Bidding on the next batch of wireless spectrum — electromagnetic waves over which data gets transmitted on wireless cellular networks — was supposed to start at the end of 2020, but the auction will now be postponed until next summer.

Navdeep Bains, Canada’s Minister of Innovation, Science and Industry, made the announcement on Friday, saying the delay will “allow the telecommunications industry to maintain its focus on providing essential services to Canadians during the COVID-19 pandemic.”

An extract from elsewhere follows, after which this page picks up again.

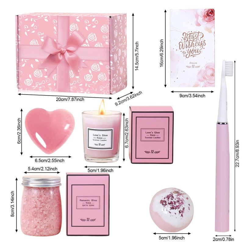 iHave presents the quintessential Birthday and Valentine's Gift for Women - the Rose Spa Gift Basket. Thoughtfully curated to offer relaxation and tranquility, this collection is the perfect representation of care and love, just the right choice for birthdays, Christmas, Mother's Day, Valentine's Day, and anniversaries. Each item in this gift set is inspired by the timeless beauty of roses, conveying deep thoughtfulness and making the receiver's experience unforgettable. For the ladies who mean the world to you, here's our 6-piece Sister Gift Basket - the best Valentine's gift. It includes an electric toothbrush, a scented candle, bath salt, a bath bomb, soap, and a heartfelt greeting card. Elegantly designed with a beautiful rose theme, this gift set is aimed to provide relaxation, tranquility, and happiness. It's a truly heartfelt way to show her just how much she means to you and let her indulge her senses in this luxurious experience. Show your loved ones how much they matter with our Spa Gift Basket Set. This elegant rose-themed package is designed to impress, making it an extraordinary birthday present for women who seemingly have everything. The sweet sentiment "Enjoy sweet moments" on the wine tumbler adds a personal touch, making this gift suitable for best friends, sisters, moms, daughters, coworkers, or girlfriends. The iHave Rose Gift Basket is not just perfect for birthdays; it also makes a delightful present for Christmas, Mother's Day, Valentine's Day, and anniversaries. With a charming pink greeting card included in the set, you have the opportunity to personalize your message, expressing your love and gratitude to the special women in your life. Our Rose Gift Basket for Women stands as a symbol of love and appreciation, providing you with the opportunity to create unforgettable moments. Each item is carefully chosen and beautifully designed, showing your loved ones just how special they are. Give them the luxury to feel cherished and appreciated with this artfully curated gift set.

Wireless companies such as Rogers, Telus, Bell and others typically spend billions of dollars bidding for the rights to use certain spectrum bands in certain markets so their customers are better able to send and receive voice and data over their networks.

WATCH | What spectrum is and how it works:

Ever wonder what wireless spectrum is, and why the government auctions it off from time to time? Then check out this, our helpful explainer 1:28

Bidding in the last spectrum auction in April 2019, for the 600 MHz band, raised almost $3.5 billion.

The 3,500 MHz auction has been officially delayed, and consultations about the auction of the next band of spectrum, 3800 MHz, will begin in August.

Both bands will be critical for 5G, the next generation of wireless networks that can move much more data, much faster than current networks can.

Conspiracy theorists have claimed 5G technology helped caused the COVID-19 pandemic, but there is no scientific basis for those claims.